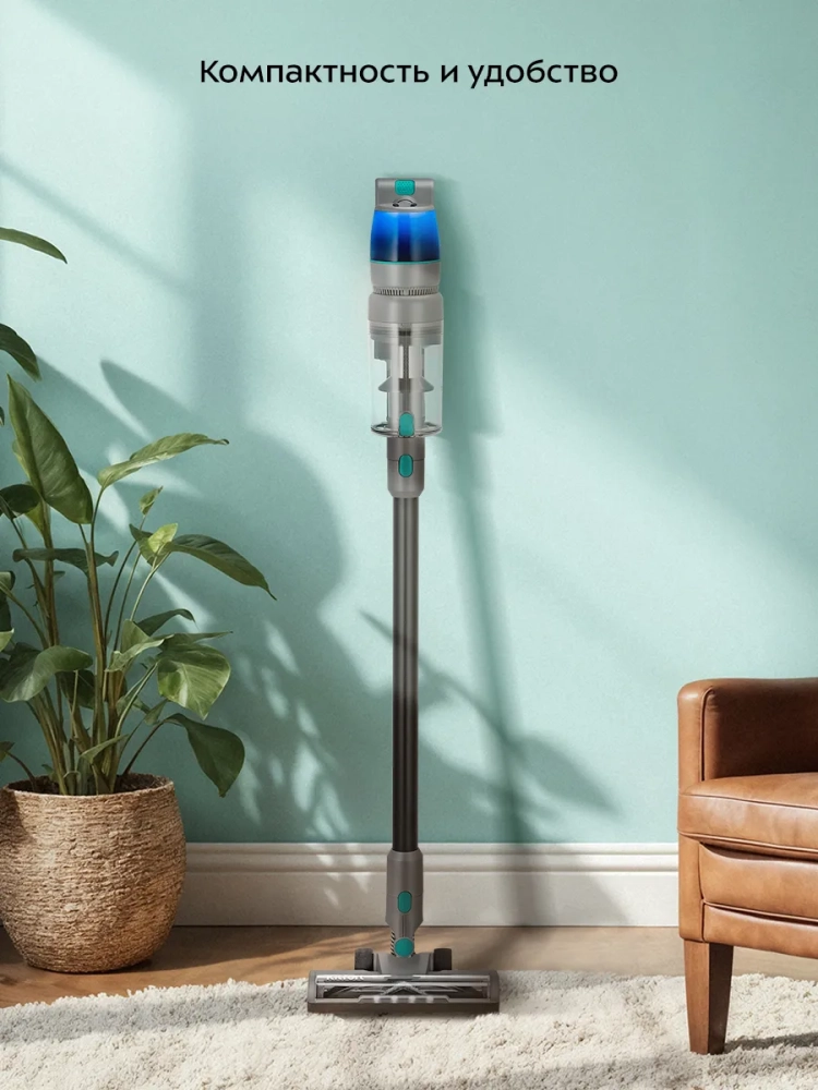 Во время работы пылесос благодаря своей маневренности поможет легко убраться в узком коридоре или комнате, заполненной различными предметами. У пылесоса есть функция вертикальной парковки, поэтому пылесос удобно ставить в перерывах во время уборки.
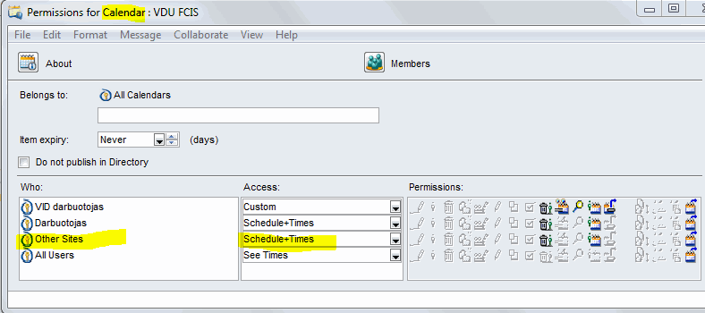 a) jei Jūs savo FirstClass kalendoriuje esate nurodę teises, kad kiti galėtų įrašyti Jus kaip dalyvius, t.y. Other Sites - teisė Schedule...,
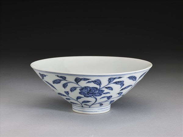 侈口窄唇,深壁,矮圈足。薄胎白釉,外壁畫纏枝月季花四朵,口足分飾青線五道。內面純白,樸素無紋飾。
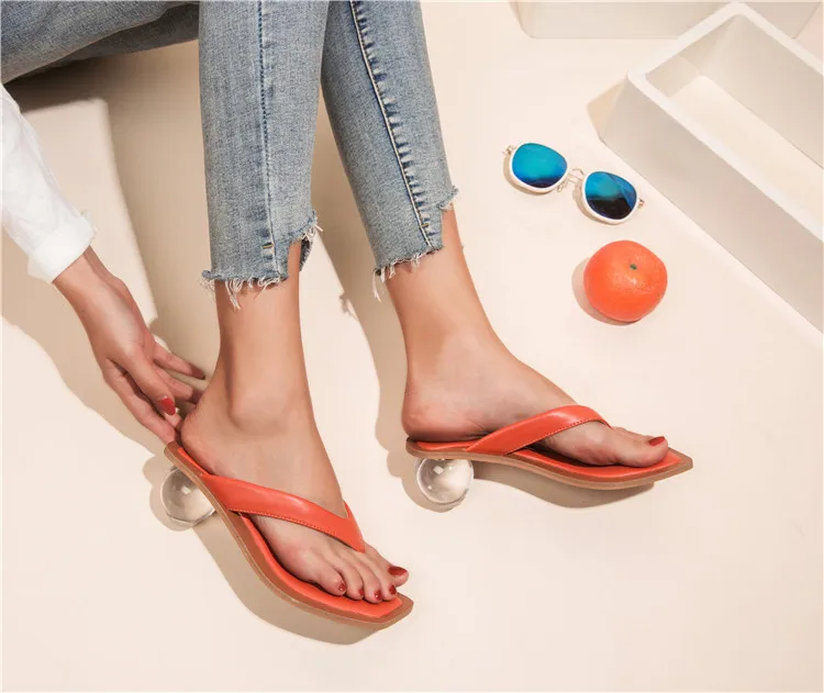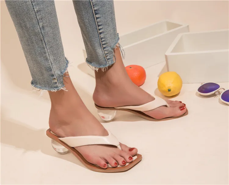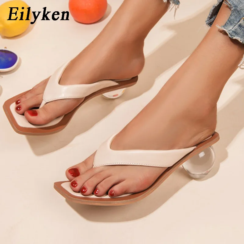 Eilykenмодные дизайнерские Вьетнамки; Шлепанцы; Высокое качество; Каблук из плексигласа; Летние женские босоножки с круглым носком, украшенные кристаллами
■ ■ ■
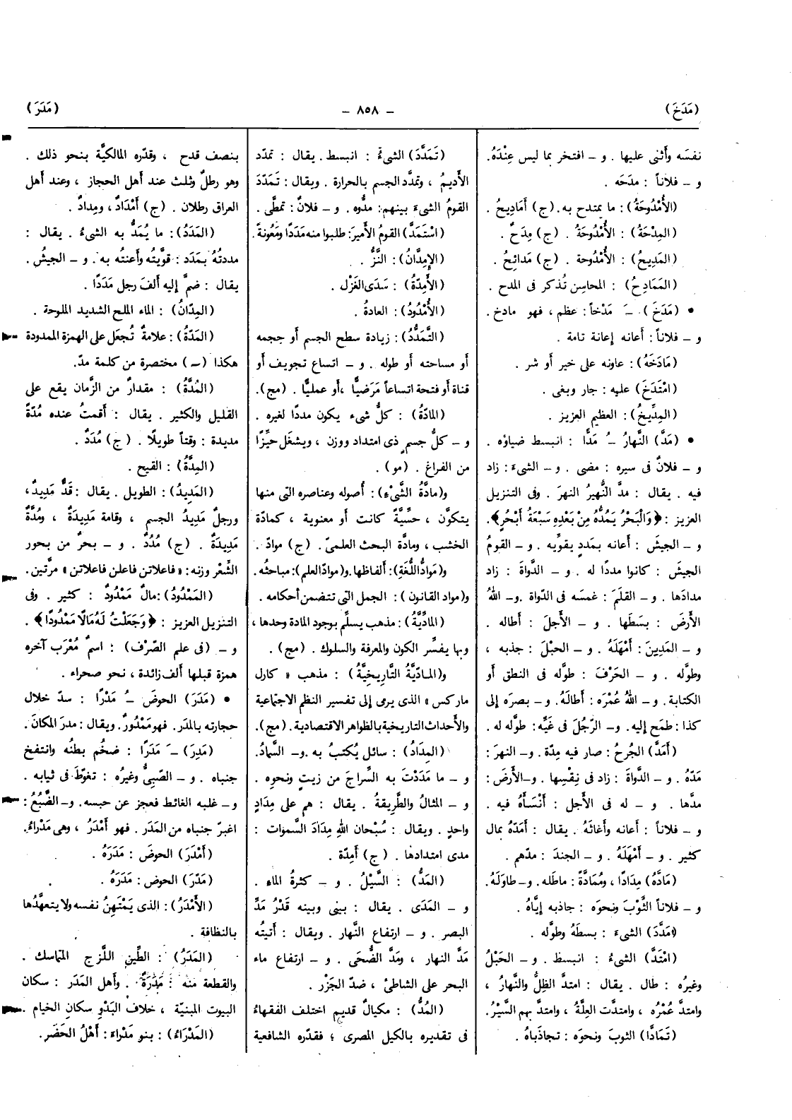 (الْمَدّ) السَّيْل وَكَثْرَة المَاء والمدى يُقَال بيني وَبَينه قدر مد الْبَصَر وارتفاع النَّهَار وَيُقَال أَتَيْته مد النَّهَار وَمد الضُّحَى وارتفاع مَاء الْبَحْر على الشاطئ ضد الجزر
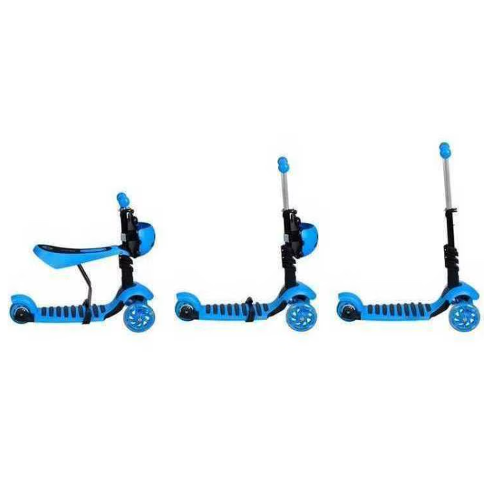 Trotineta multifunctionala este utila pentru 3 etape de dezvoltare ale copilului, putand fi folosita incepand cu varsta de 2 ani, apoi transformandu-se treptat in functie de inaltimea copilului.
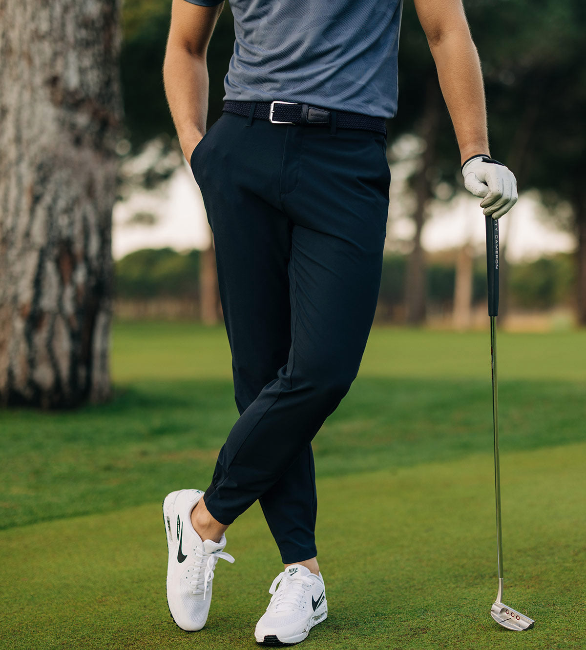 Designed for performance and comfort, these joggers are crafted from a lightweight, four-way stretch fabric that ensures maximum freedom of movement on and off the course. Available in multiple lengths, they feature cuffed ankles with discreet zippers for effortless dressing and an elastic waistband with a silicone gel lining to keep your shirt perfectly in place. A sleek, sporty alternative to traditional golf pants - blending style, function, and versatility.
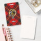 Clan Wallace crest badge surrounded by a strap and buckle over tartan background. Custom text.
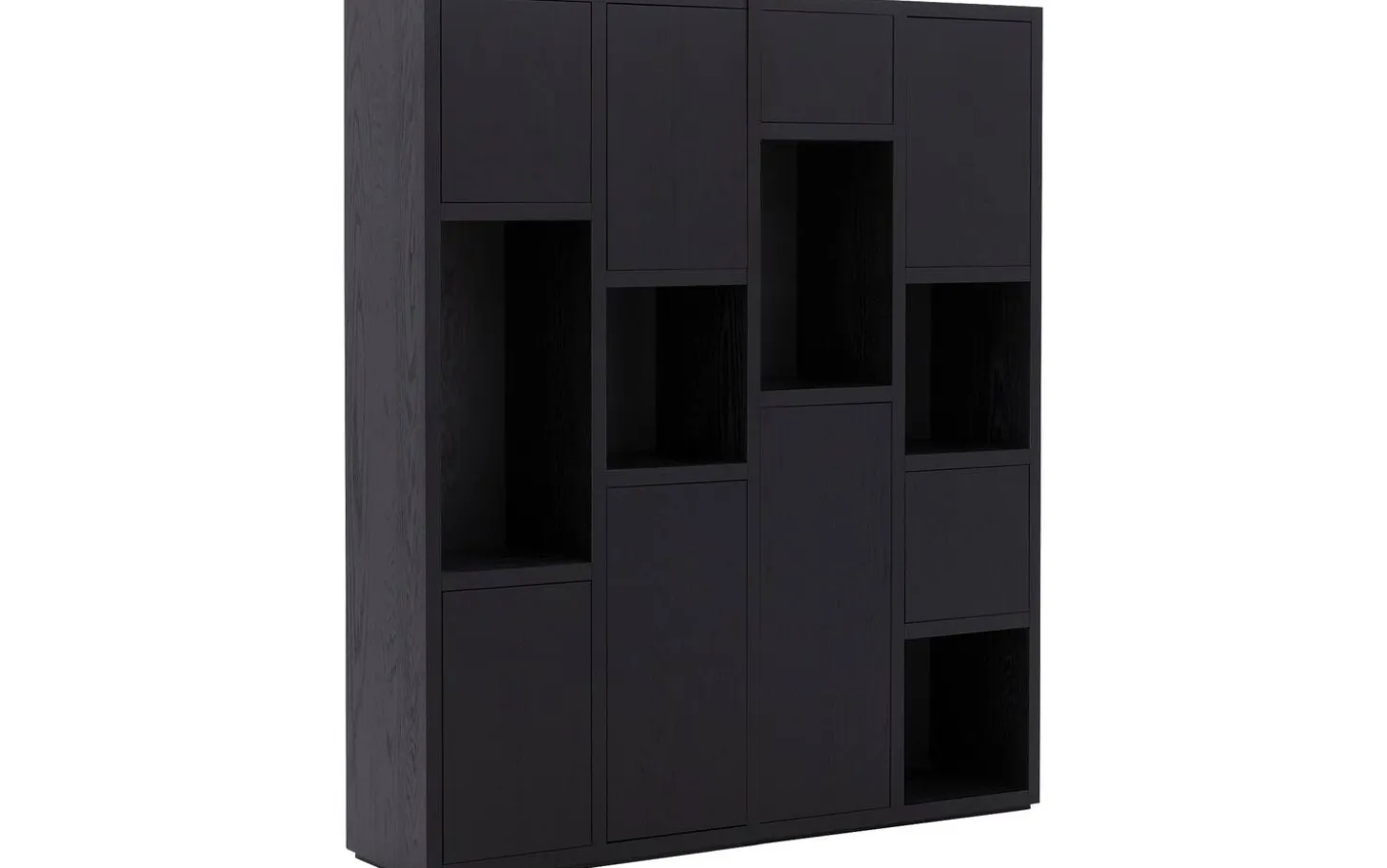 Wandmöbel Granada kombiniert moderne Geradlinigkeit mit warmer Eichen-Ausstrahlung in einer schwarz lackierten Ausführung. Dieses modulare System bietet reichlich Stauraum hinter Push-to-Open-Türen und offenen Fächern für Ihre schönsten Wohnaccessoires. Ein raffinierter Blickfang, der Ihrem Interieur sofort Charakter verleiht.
■ ■ ■
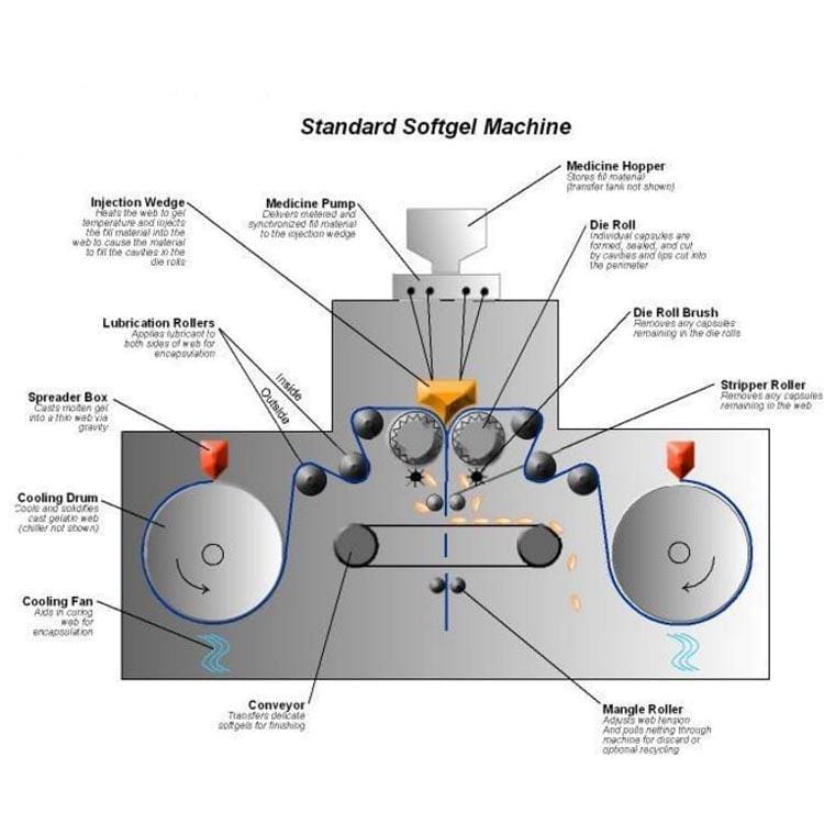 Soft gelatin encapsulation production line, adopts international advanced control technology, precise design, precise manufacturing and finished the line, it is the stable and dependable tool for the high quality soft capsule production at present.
■ ■ ■
■ Directions ■
An exact copy is needed of the stretch above that opens with the line containing "Trotineta multifunctionala este" and closes with the line containing "Designed for performance"; the pictures are not part of it.

■ Solution for this task ■
 Trotineta multifunctionala este utila pentru 3 etape de dezvoltare ale copilului, putand fi folosita incepand cu varsta de 2 ani, apoi transformandu-se treptat in functie de inaltimea copilului.
 Designed for performance and comfort, these joggers are crafted from a lightweight, four-way stretch fabric that ensures maximum freedom of movement on and off the course. Available in multiple lengths, they feature cuffed ankles with discreet zippers for effortless dressing and an elastic waistband with a silicone gel lining to keep your shirt perfectly in place. A sleek, sporty alternative to traditional golf pants - blending style, function, and versatility.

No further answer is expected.